I slowly made my way into the view of the camera, and leaned over so my face was in view. "Everyone, I want you to meet (Y/N). My girlfriend for the past 2 years -well, almost two years-, and hopefully for the rest of time." I looked at him and smiled quickly before waving at the camera, "Hello!" It only took a few seconds before the chat blew up with "wow she's so pretty" or "nice pick Mark ;)" and even "I hope you two are happy together!" I took note of that one "We are very happy!
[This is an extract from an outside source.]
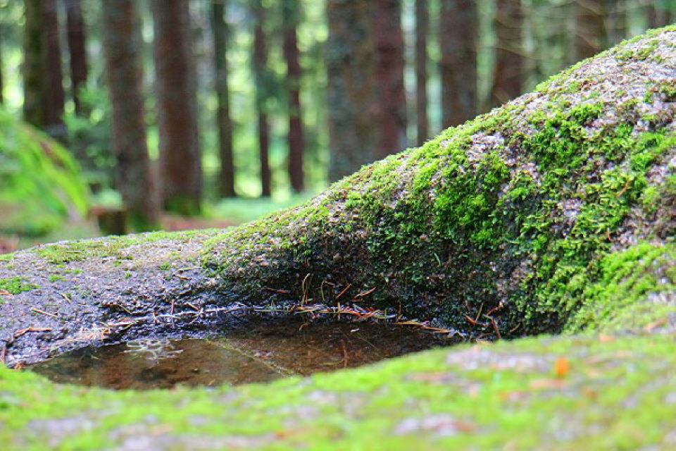 1. Trachtenbrunnen. Nach etwa 200 Metern vom Haus des Gastes in Richtung Mühlenweiher finden wir einen großen Restling. Dieser Stein ist der Bevölkerung auch als “Heidenstein” oder “lebendiger Stein” bekannt. Er wurde vom örtlichen Trachtenverein zum “Trachtenbrunnen” gemacht. Auf ihm befindet sich auf der Vorderseite eine Schale mit Ablauf und auf der Rückseite direkt unter dem Einlauf zwei flache, ineinander liegende Schalen.

Thank you." I answered, whilst draping my arm's over Mark's shoulders.

*END OF FLASHBACK*

I sighed again, 'Maybe that's the problem...maybe we just can't make each other happy anymore.' I felt tears start to swell in my eyes as I thought of living my life with out Mark next to me... 'I love him so much.. maybe just a break or something? And I know I'm not the only one feeling this... he's been distant lately.' With the things I've been through, I automatically came to the worst conclusion ever... hastily dropping to my knees and sobbing into my hands. 

"I just love him so much... but I hate seeing him unhappy."

~A FEW HOURS LATER~

I've been thinking about this.... "problem" all day long, not knowing how to go about it and not wanting to say anything. 'What if he just wants to leave for good? What if it causes a huge fight? What if he kicks me out?' I started sobbing again, but quickly wiped the tears away when I heard the front door unlock. "Babe, I'm home." 'That's another things that's different.. We used to joke like Lucy and Ricky (from I love Lucy), when he would come home he'd drop his stuff, open his arms and shout "HONEY, I'M HOME." no matter where I was.' "I'm in here Mark." 

I could tell he took immediate notice to my mood. He sat down next to me and put his hard over mine... "We nee-"--"We need to-" Mark stopped and told me to go first, "I think we should talk." He sighed and looked down, "I do, too."--"So we both know where this is going?" I asked shakily, trying to hold back the tears. He let out a quite mhmm and nodded his head. "Okay, well.. if we both know what this is about, I'll go pack a few things and get a hotel room." I got up from the couch and walked to the bedroom, pulling out the suitcase Mark bought for me.